Thanks Gopinath, it was pure and blissful up there…
Total blue skies and wonderful photos.
The taxi driver was in local dress ? I have always seen them in western dress. And you buttered him well !!
Most folks wear the national dress while performing their job. During my trips to Bhutan the drivers wore the national dress.
Beautiful photo of the Himalaya vista from Dochu La! How lucky you were. I’ve been twice and saw fog instead of the glorious Himalaya range.
Welcome to my blog Fefie and thanks for the comment. Like you said, most people were national dresses, I found this very interesting. Oh I’d been to Dochu La twice too and both times I was lucky!
Thanks Cuckoo.
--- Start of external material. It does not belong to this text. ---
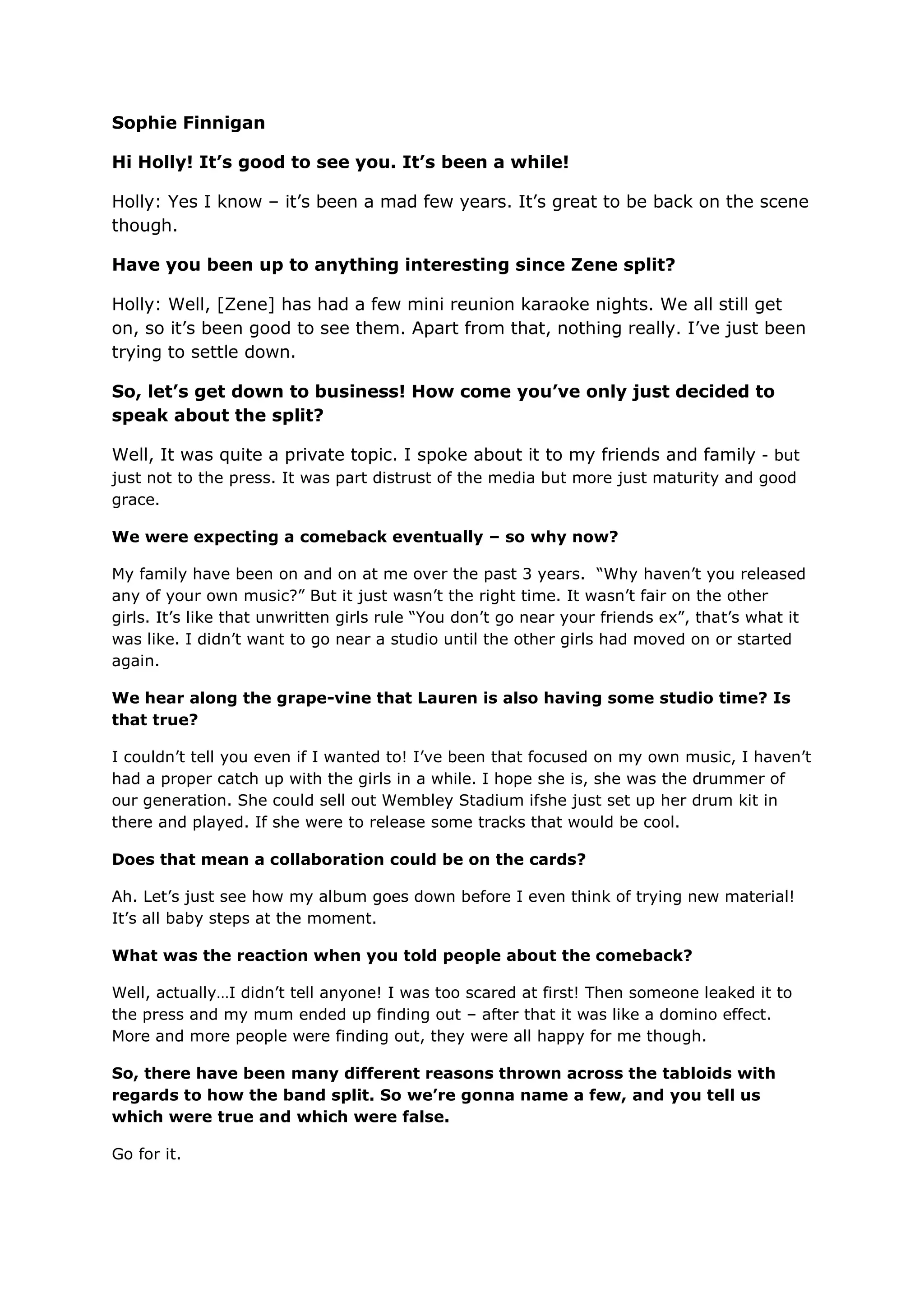 - Holly was a member of the popular girl group Zene, which split up a few years ago. She has now decided to speak publicly about the split and release her own solo music.

Yeah the driver was in the Bhutanese national dress called Gho (घो) for men and Kira (किरा) for women. It is mandatory for everyone to wear the traditional dress, so most people you’ll see will be dressed pretty much like this.
Ive often seen that the countryside and smaller towns are prettier than the rest
Lakshmi, indeed. Or maybe its because we city people only need some change!
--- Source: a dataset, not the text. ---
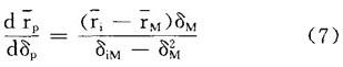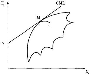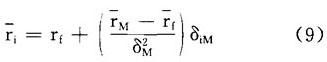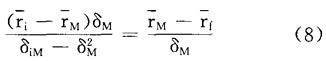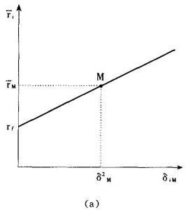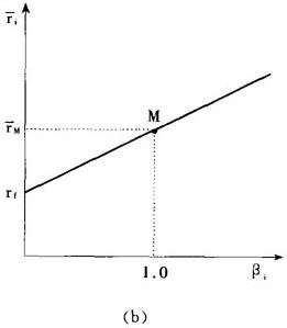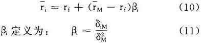 如图1,以证券组合的预期收益率rp作纵坐标,以证券组合的标准差δp作横坐标,绘出证券组合的可行集和资本市场线。 在可行集里,存在各种单一风险证券,任意选择一种证券,用i表示。设想一证券组合,用P表示,它包含证券i的投资比例是Xi,市场证券组合的投资比例是(1-Xi),这种证券组合的预期收益率等于:  和标准差等于:   图1 推导证券市场线 首先在(1)中,求rp对Xi的导数:  其次在(2)中,求δp对Xi的导数:  再次,考虑曲线iM的斜率,有如下表达形式:  最后,把(3)和(4)分别代入(5):  在曲线iM的端点M处,Xi=0,可计算出曲线iM的端点M处的斜率:  在点M处,资本市场线的斜率必然等于曲线iM的斜率,因此  解方程(8),#i等于:  它表明了单一一种证券资产的风险和收益率之间的均衡关系,分别以证券的协方差风险δi和预期收益率ri为横坐标和纵坐标,在图2-a中,方程(9)代表具有截距rf和斜率[(rM-rf)/δ ]的一条直线,证券的协方差风险δiM和预期收益率之间的这种关系称为证券市场线。 证券市场线的另一种表达方式如下:  βi项称为证券i的β系数,它代表一种证券的协方差风险。 如果以证券的预期收益率 i为纵坐标,以βi为横坐标,则证券市场线也可以表现在图2-b中。  图2-a 协方差观点  图2-b β观点 |

Beautiful images again, I have just decided to go to China for the Total Solar Eclipse in July, any suggestions or advice, since you are the traveling guru, I will be going on an 11 day tour.
Bob, WOW CHINA!! I am envious, you’ll have so much fun. I will be asking YOU for advice, I have no research about China yet!
What a stunning destination. And I’m chuckling about your deadligs with the cab driver.
Hi Wendy, I loved Bhutan a lot. I must add that we left a generous (33%) tip at the end, so I hope the guy loves me now.
The mountains are beautiful. Oh! I am missing my Nani’s house in Dalhousie!
Dalhousie?? So unfair! I miss mountains, Toronto is like a carom board.
Bartering for taxis is fun if you are in the mood and it is done in the right spirit. Both are keen for the business – it is the travellers one chance to visit a certain place and the taxi driver will still get more than they get from a local. The view looks well worth the stop.
Hi Mark,
Yes, it is usually fun, I enjoy bargaining for everything, mostly because growing up in India, I knew everything was always up for negotiation.
Thanks for stopping by..!
Divine Madman, eh? I wonder what that is supposed to mean? And how are you with the altitude?
Hi LIW, Divine Madman is one of Bhutan’s most loved saints. But I’ll blog about it tomorrow
Did you have bad experiences?
So far I haven’t had altitude problems ever, and the highest I have been is about 4000m. But I’ve heard it can strike anyone anytime, so touchwood!
[...] The Divine Madman This post is part of Mystic Druk Yul, a series of travelogues narrating my trip to Bhutan. Here are the other posts! Previous post: 108 Chortens at Dochu La [...]
Good to have finally caught up on your blog. Those snow clad Himalayan peaks look dreamy! Wow!